PARALLEL ADAPTIVE MESH REFINEMENT

Marsha Berger, Courant Institute; Daniel Quinlan, Jeffrey Saltzman, Los Alamos National Laboratory


Many solutions of the equations of computational physics are approximated using finite difference methods, which use lattices of data to cover a domain of interest. The data on these lattices are advanced using a discretization that approximates the partial differential equations. As the lattices become finer, the data agrees more closely with the original differential equation on the continuum domain.

Solutions are rarely uniform in either time or space. Adaptive computations accelerate the convergence process by dynamically adding and removing local refinements in the lattice as needed. There are tradeoffs between adaptive methods and uniform techniques. Uniform methods work very well on parallel machines evenly distributing computation and the necessary communication. Adaptive computations may converge more quickly with fewer lattice points but the cost on parallel machinery is possible nonuniformity in both computation and communication stemming from interpolation and data management.

To make adaptive methods useful on parallel machines, this group has developed an algorithm using fixed- sized patches and nonstandard data layouts. The end result is that no router communication takes place when patches at the finest level exchange data. All communication between adjacent levels is local. The algorithm is implemented for two- and three-dimensional computations on the Thinking Machines CM-5. The algorithm can be applied to systems of hyperbolic conservation laws and is instantiated with the equations of compressible fluid dynamics. The implementation is 80% efficient in the sense that most of the time is spent in the uniform patch integrator that is called as a subroutine.
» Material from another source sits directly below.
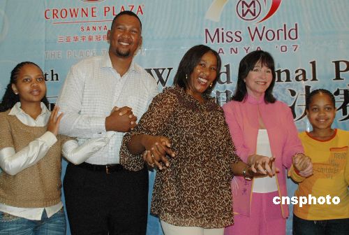十一月二十九日,海南三亚,南非前总统曼德拉的长女(中)长孙(左二)现身海南三亚,在世界小姐机构举行的新闻发布会(右二为世界小姐机构主席莫莉夫人)上呼吁更多的人关注艾滋病在全球的蔓延、关爱艾滋病患者。他们此行还带来了家乡的儿童合唱团,将于十二月一日晚举行的第五十七届世界小姐总决赛晚会上亮相。中新社发 尹海明 摄

Future work is divided into two areas. As data parallel languages grow in sophistication, the algorithm can be optimized further by simultaneously integrating multiple patches. Additionally, interpolation can also be done in parallel. The group has planned to move the method to other programming environments. This list of environments is headed by a C++ array class based parallel library with an underlying message passing architecture.